• Exercise goal
Reproduce all the lines below exactly and omit the images.
START Material supplied
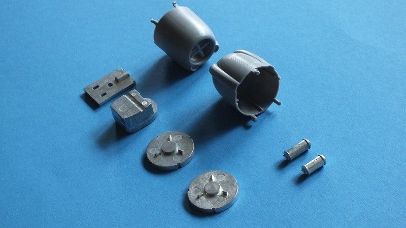 • 10 Plastikspritzlinge aus hellgrauem Material
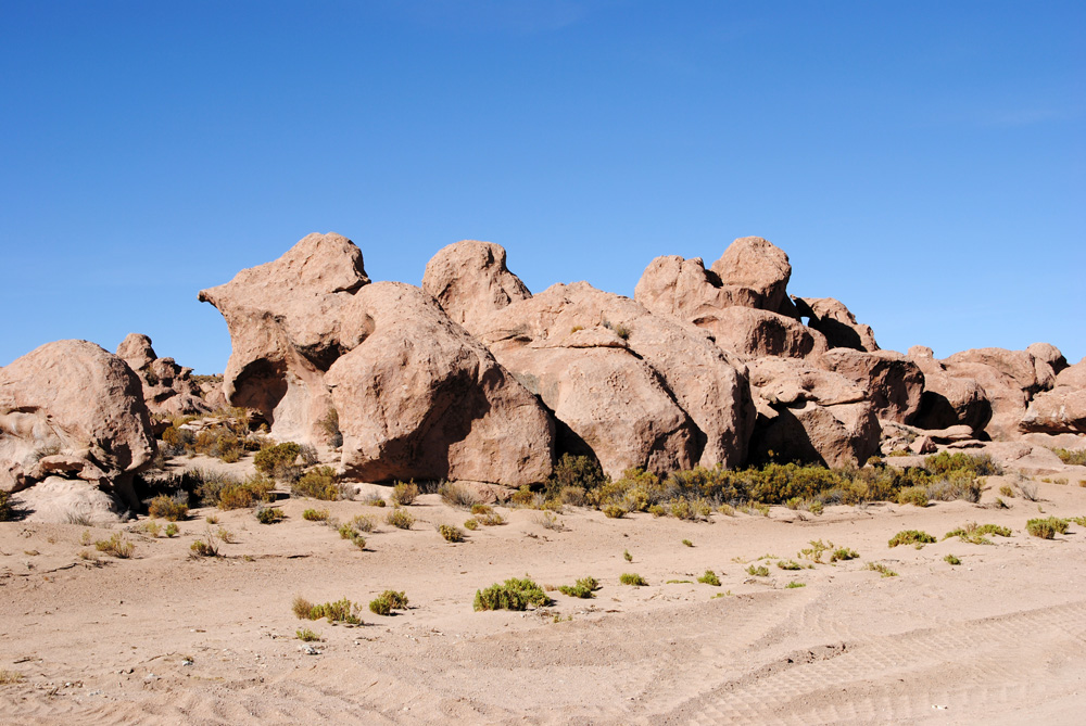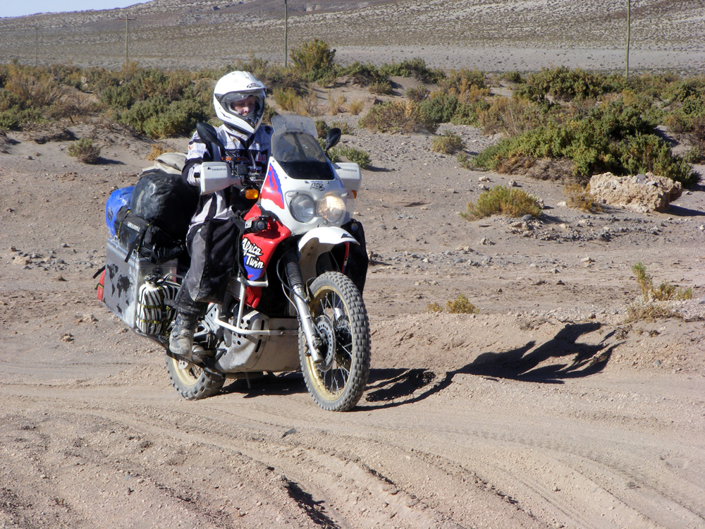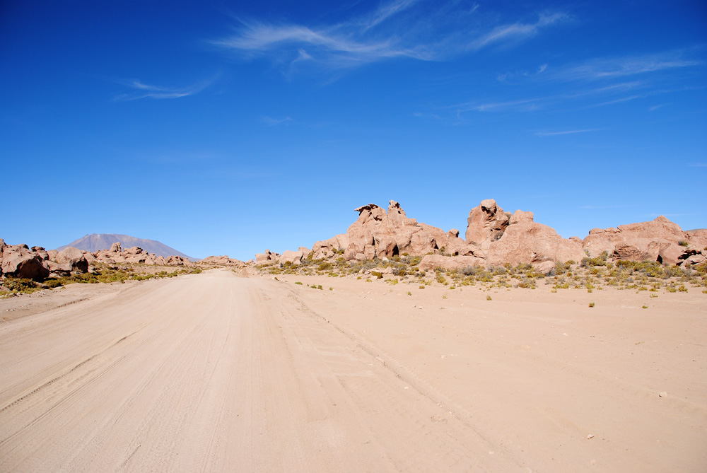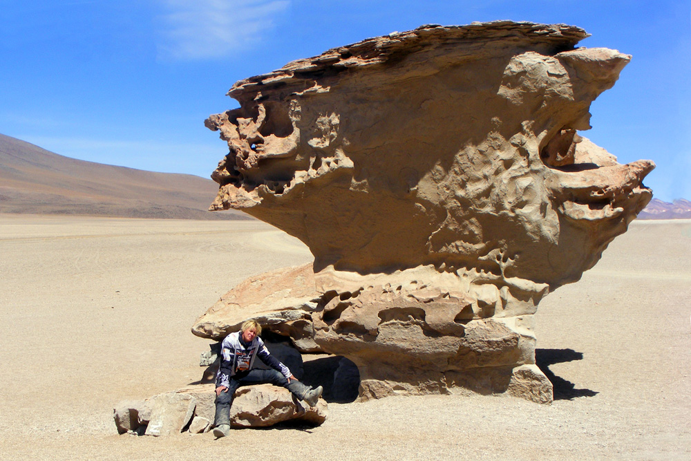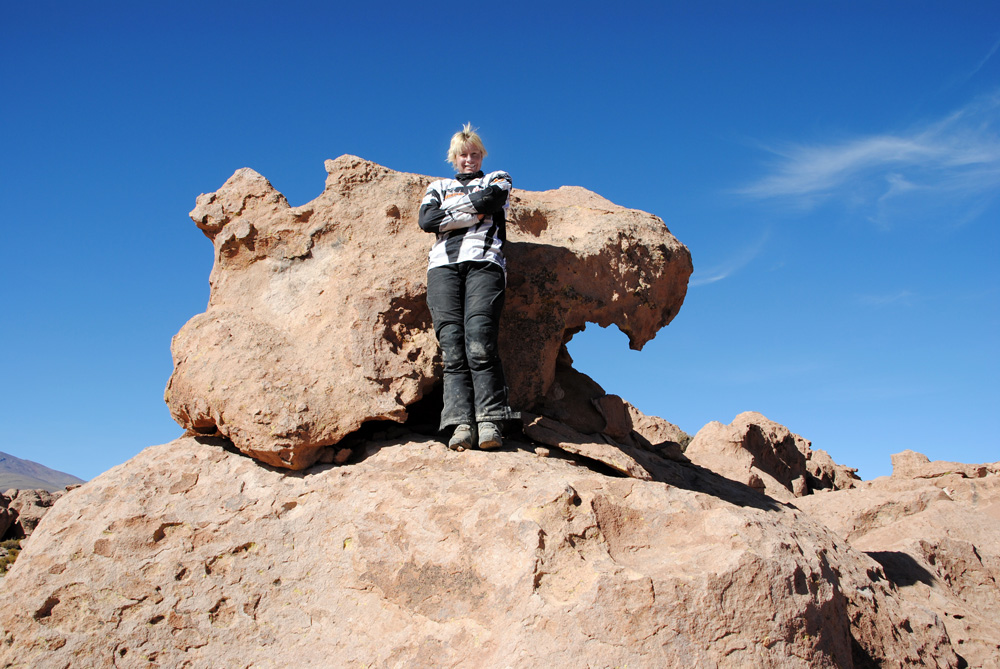 Es ging zuerst gute 60 Kilometer über eine genial platt gewalzte Piste Richtung Westen, um dann den Kurs an der chilenischen Grenze in Richtung Süden einzuschlagen. Ab hier wurde es wieder harte körperliche Arbeit. Wir kämpften uns dann noch 65 km durch das grob von Jeeps verspurte sandige Gelände und mussten dann gute 40 km vor der Laguna Colorada im Windschutz bizarrer Felsen und in einer Höhe von 4601 m unser Zelt aufschlagen. Unter neugierigen Blicken eines kleinen possierlichen hasenähnlichen Tierchens kochten wir weitere Konservendosen.
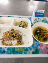 3食丼 3食スープ 3食酢の物 ごはん 牛乳
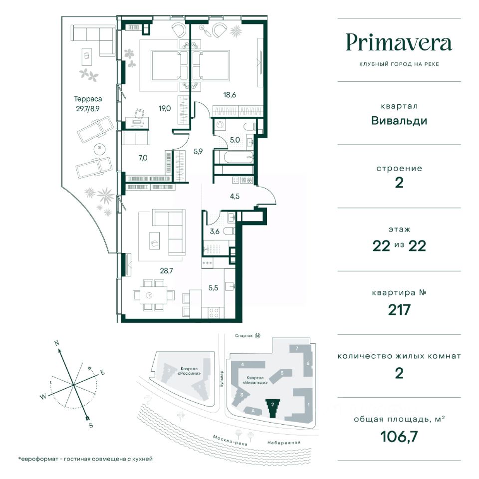 Клубный город на реке Primavera — это современный жилой комплекс премиум-класса, расположенный на первой береговой линии Москвы-реки в экологически чистом районе Покровское-Стрешнево. Под панорамными окнами квартир находится собственный экопарк с продуманной сетью прогулочных дорожек и современными детскими и спортивными площадками. За парком расположена набережная с собственным пляжем и зонами для отдыха. Клубный город на реке Primavera предлагает широкий выбор планировок для различных жизненных сценариев: от просторных однокомнатных квартир до пентхаусов и жилых помещений с террасами и патио. Выберите из 120 вариантов эргономичных планировок стандартного и евроформата. Из каждой квартиры открываются красивые виды на реку с углом обзора в 270 градусов. Дизайнерские лобби предлагают панорамный обзор на благоустроенный двор. Высокие потолки в 6 метров и качественная отделка создают атмосферу, схожую с пятизвездочными отелями. В Primavera есть всё необходимое для комфортной жизни в мегаполисе: • Образование для детей в шаговой доступности: 4 школы, 8 детских садов и развивающие центры с кружками и секциями. • Удобства на расстоянии приятной прогулки: супермаркеты, кафе, рестораны с верандами, салоны красоты, аптеки и многофункциональный центр для шоппинга и развлечений. • Умный дом: автоматизированное бесконтактное управление основными системами доступа и безопасности через мобильное приложение. Клубный город на реке Primavera выгодно сочетает комфорт городской жизни с близостью к природе. Живите в месте, где все создано для вашего удобства!
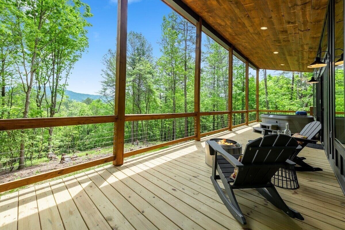 If you are looking for a private and relaxing mountain getaway, this newly built custom “tiny cabin” is a perfect escape. The cabin sits on a five-acre wooded lot with long range mountain views. You will feel like you've entered a different world as soon as you arrive. The wall of windows ushers in the beauty of the outdoors creating an inviting and peaceful atmosphere for a romantic getaway or a solo retreat. The deck includes a hot tub and a solo stove fire pit to enjoy coffee and s'mores.
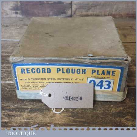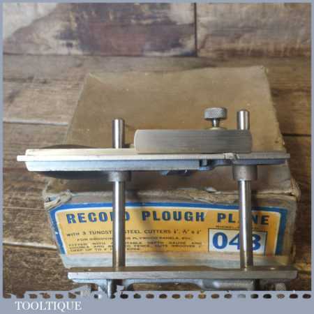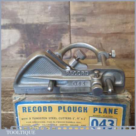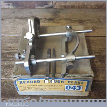 Vintage boxed Record No: 043 plough plane complete with 3 cutters, fully refurbished and ready for use. The plane is in good condition and all components move smoothly. Note: We do not sharpen the irons.
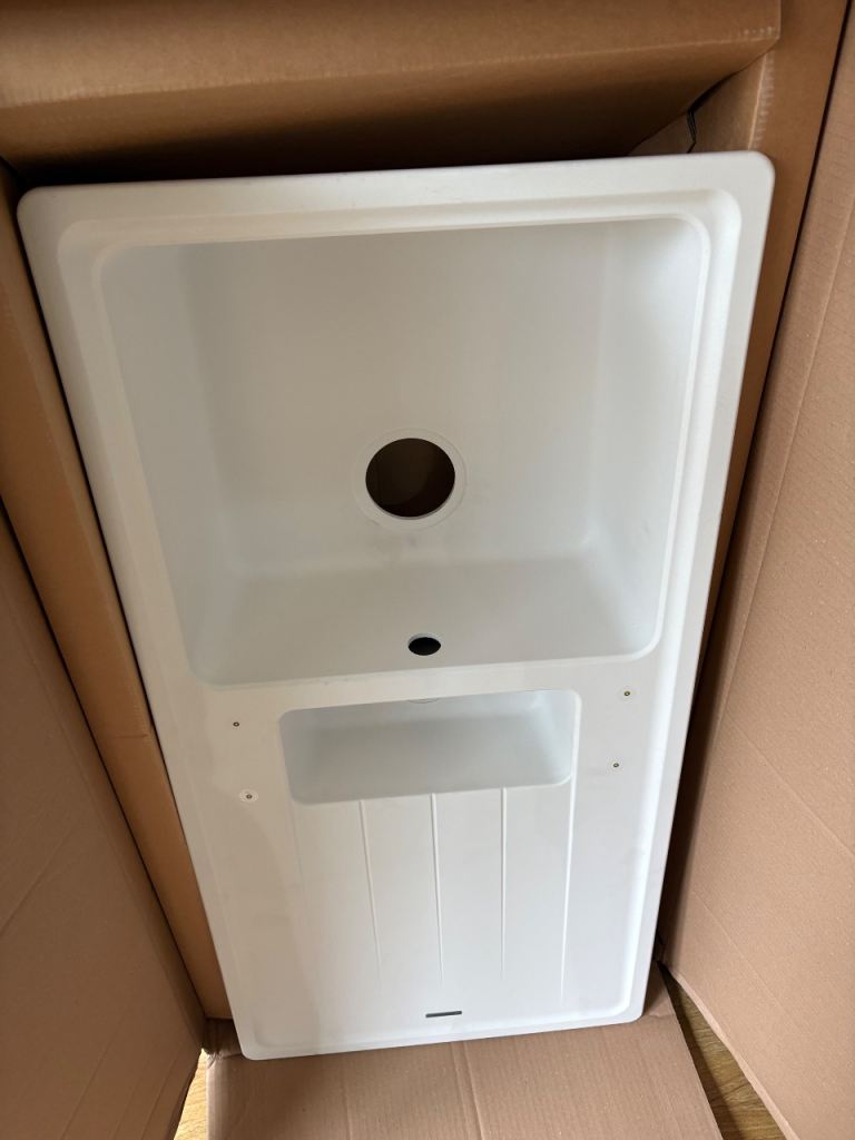New kitchen sink, Schock make, see photos for damage. Very small amount of damage. Hoping it can be fixed by right person. Make me an offer
END Material supplied
• Reply to the task
 • 10 Plastikspritzlinge aus hellgrauem Material
 Es ging zuerst gute 60 Kilometer über eine genial platt gewalzte Piste Richtung Westen, um dann den Kurs an der chilenischen Grenze in Richtung Süden einzuschlagen. Ab hier wurde es wieder harte körperliche Arbeit. Wir kämpften uns dann noch 65 km durch das grob von Jeeps verspurte sandige Gelände und mussten dann gute 40 km vor der Laguna Colorada im Windschutz bizarrer Felsen und in einer Höhe von 4601 m unser Zelt aufschlagen. Unter neugierigen Blicken eines kleinen possierlichen hasenähnlichen Tierchens kochten wir weitere Konservendosen.
 3食丼 3食スープ 3食酢の物 ごはん 牛乳
 Клубный город на реке Primavera — это современный жилой комплекс премиум-класса, расположенный на первой береговой линии Москвы-реки в экологически чистом районе Покровское-Стрешнево. Под панорамными окнами квартир находится собственный экопарк с продуманной сетью прогулочных дорожек и современными детскими и спортивными площадками. За парком расположена набережная с собственным пляжем и зонами для отдыха. Клубный город на реке Primavera предлагает широкий выбор планировок для различных жизненных сценариев: от просторных однокомнатных квартир до пентхаусов и жилых помещений с террасами и патио. Выберите из 120 вариантов эргономичных планировок стандартного и евроформата. Из каждой квартиры открываются красивые виды на реку с углом обзора в 270 градусов. Дизайнерские лобби предлагают панорамный обзор на благоустроенный двор. Высокие потолки в 6 метров и качественная отделка создают атмосферу, схожую с пятизвездочными отелями. В Primavera есть всё необходимое для комфортной жизни в мегаполисе: • Образование для детей в шаговой доступности: 4 школы, 8 детских садов и развивающие центры с кружками и секциями. • Удобства на расстоянии приятной прогулки: супермаркеты, кафе, рестораны с верандами, салоны красоты, аптеки и многофункциональный центр для шоппинга и развлечений. • Умный дом: автоматизированное бесконтактное управление основными системами доступа и безопасности через мобильное приложение. Клубный город на реке Primavera выгодно сочетает комфорт городской жизни с близостью к природе. Живите в месте, где все создано для вашего удобства!
 If you are looking for a private and relaxing mountain getaway, this newly built custom “tiny cabin” is a perfect escape. The cabin sits on a five-acre wooded lot with long range mountain views. You will feel like you've entered a different world as soon as you arrive. The wall of windows ushers in the beauty of the outdoors creating an inviting and peaceful atmosphere for a romantic getaway or a solo retreat. The deck includes a hot tub and a solo stove fire pit to enjoy coffee and s'mores.
 Vintage boxed Record No: 043 plough plane complete with 3 cutters, fully refurbished and ready for use. The plane is in good condition and all components move smoothly. Note: We do not sharpen the irons.
New kitchen sink, Schock make, see photos for damage. Very small amount of damage. Hoping it can be fixed by right person. Make me an offer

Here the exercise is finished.